Four Good Days is based on the Washington Post article, but they change the names and locations.  It is now in Southern California (probably to hold costs down), and Amanda is now Molly and Libby is Deb.  Molly is played by Mila Kunis and, giving credit where it is due, she obviously lost weight and did other things to her body to look much like we think an addict should look – skinny with sunken, dark eyes, unwashed skin and hair, and a general ragged look that generates more disgust than empathy.  (Towards the end of the movie, we see Mila more like she normally looks, which is, frankly, beautiful!). Kunis, born in 1983 in the Ukraine, got her acting career start in That 70s Show and has been on almost every list of 100-most attractive women since then.  So to see her early in this movie is, in fact, quite shocking.  Although she has no Oscar nominations to her credit, she had a memorable performance in Black Swan.  As Molly, Kunis captures the nature of how an addict lies and manipulates.  Still, for me, something was just a little off – like she didn’t quite understand the desperation that ultimately motivates an addict.

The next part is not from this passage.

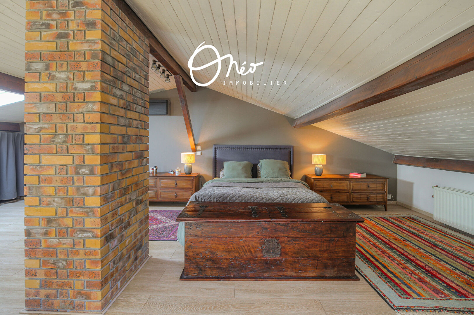 – Au dernier niveau, vous tomberez sous le charme des combles qui ont été entièrement aménagée en un espace parental de 80 m2 de choix : poutres apparentes, fenêtres de toit avec volets roulants motorisés de qualité, climatisation réversible …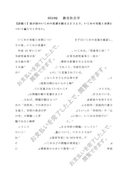 2019年度 佛教大学 S5192 教育社会学 レポート A判定

Glenn Close plays Molly’s mother, Deb and Close definitely has an Oscar history.  Even after eight nominations, she has never won the Oscar and that’s despite her performances in Fatal Attraction and Dangerous Liaisons, probably her best work.  Since the 80s, she’s done a few things, but her only recent roles that garnered much attention were  in Guardians of the Galaxy films and then her deserved nomination in The Wife, which I thought was very good.  Her role here, as the mother of a drug addict, is more nuanced, and more important, than her similar role in another movie on last year’s Oscar list – which I really didn’t like – Hillbilly Elegy.  Her performance in this movie is good and reflects a lot of what a parent goes through trying to deal with an addict child, but still doesn’t seem real enough.  Why, for example, does she profess to love her child, but still continue to enable her addictions?  The conflict is real, but her character’s resolution isn’t. 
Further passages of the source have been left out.